McCarthy – No Country For Old Men

No Country for Old MenAction-Thriller With Literary Chops

McCarthy, Cormac. (2005). No Country for Old Men. New York: Vintage.

An aging sheriff in 1980’s Texas despairs over the violent crime drugs trafficking has brought to his county, making it into a landscape he hardly recognizes. Thus the title of the book.

The story begins when a local welder, Moss, is hunting. He stumbles across bullet-riddled vehicles, dead bodies, and a canvas bag containing $2.5 million.  He takes the money (notwithstanding the weight, overlooked in the story. That much money in hundreds would weigh over 200 pounds). Later he returns to the scene, and is spotted by drug mobsters who want the money. Moss gets shot up, but escapes, and the chase is on.

Investigating the mass murder, Sheriff Bell realizes Moss is involved somehow, and searches for him.  Meanwhile a rogue psychopath, Chigurh, relentlessly hunts Moss to get the money. At the same time, a psychopath hit man  is hired by the drug cartel to kill Chigurh. There’s some good cat-and-mouse, multiple shootouts, lots of blood, innocent victims, and shattered glass.

How does it turn out?  The ending is inconclusive. The story just stops when McCarthy hit his page count. Consequently, the novel has no particular meaning or message, beyond the book’s title. Sheriff Bell waxes philosophical at the end, in a failed attempt to inject some meaning through deadly backstory.

With the exception of that final 40 pages, the book is well-written, extremely well-edited, with some innovations in narration and dialog that any writer can learn from. The book is an easy read, although it helps if you’ve seen the movie because the storyline in the book is so compressed, it is often not clear how characters seem to know what they know, and why they appear unexpectedly where they do. The movie wisely omits that last 40 pages of marshmallow-speak, but otherwise is faithful to the book. You can’t read Sheriff Bell’s lines without hearing the voice of Tommy Lee Jones.
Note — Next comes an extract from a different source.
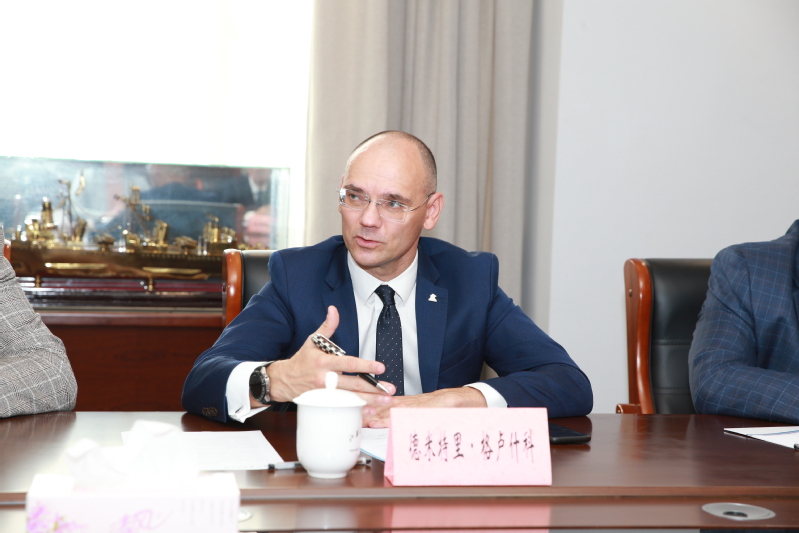 Dmitrii GLUSHKO 對嵇春艷校長的邀請與周到安排表示感謝。他表示非常榮幸能夠受邀來訪慶祝江蘇科技大學辦學90周年并在高質量發展大會上致辭,江蘇科技大學辦學90周年系列活動舉辦得非常盛大、成功,給他留下了深刻的印象。GLUSHKO校長指出,俄中兩國有著深厚的友誼與堅實的合作基礎,兩國全面戰略協作伙伴關系正處于高水平階段,正在扎實推進在經貿、教育、人文等領域的合作共識。莫爾多瓦國立大學與江蘇科技大學在教育、科技領域開展的務實合作正是對俄中兩國合作規劃的具體落實。俄方校長高度贊同嵇春艷校長提出的兩校未來合作方向,表示愿意為兩校共建中俄學院提供支持。GLUSHKO校長提議,除去在合作辦學、聯合實驗室、國際科研項目等領域的合作外,兩校還將加強人文交流,開展俄語及漢語師資互換等合作。

There’s no punctuation beyond periods, question marks, and capitalized names and first words of sentences. There are few commas, which keeps the action moving breathlessly, as do the short sentences. The lack of apostrophes can be annoying in contractions and possessives, but having no quotation marks is the most noticeable formatting innovation. Why no quote marks?

Bell nodded. I aint a stranger to them thoughts, Carla Jean. I am very familiar with them thoughts.

In part, the lack of quotation marks might be a stylistic flair that comports with the characters’ simple lives and language. On the other hand, it may be related to McCarthy’s innovative narrator. Unlike many third-person narrators today, this one is not “close,” that is, he never gets intimate with the characters. Rather, he reports their behavior from the outside, without judgment or comment.

He went into the bathroom. He ran his forefinger around the sink. A washcloth and handtowel had been used but not the soap. He ran his finger down the side of the tub and then wipe it along the seam of his trousers. He sat on the edge of the tub…

This is pure behavioral narration that deprives the character of interiority. We never know what a character is thinking or feeling, or what he wants, except as we can infer it from his behavior. But if that kind of behavioral reporting were continued indefinitely, the reader would become bored, because a person’s external behavior is not rich enough to satisfy our need to understand characters.

So McCarthy fudges the narrator’s behavioral constraint in several subtle ways, one of which is to omit the quotation marks. In the dialog sample above, we are almost inside the head of Sheriff Bell, who is saying what he knows and feels. Except he’s not really saying it because there are no quotation marks. The narrator could throw up his hands and say, “Hey, I didn’t make Bell say that. Look, there are no quote marks! I’m strictly on the outside, here.”  It’s a cheap gimmick, but it does soften the harshness of pure behavioral reporting.

There are other techniques used to accomplish the same end. Action chapters, all in 3P-omniscient behaviorism, alternate with short, italicized chapters in Sheriff Bell’s first-person voice. In those chapters, Bell spills his guts to the reader about what he thinks, believes, feels, values, hopes for, worries about, and so on. They are confessional, and their intimacy stands in sharp contrast to the 3P narrator’s objectivity.

There are many other writing innovations in the book, although they would probably only be noticed by other writers, yet they do contribute overall to the book’s fatalistic tone and dark mood, making it a literary success as well as a competent thriller.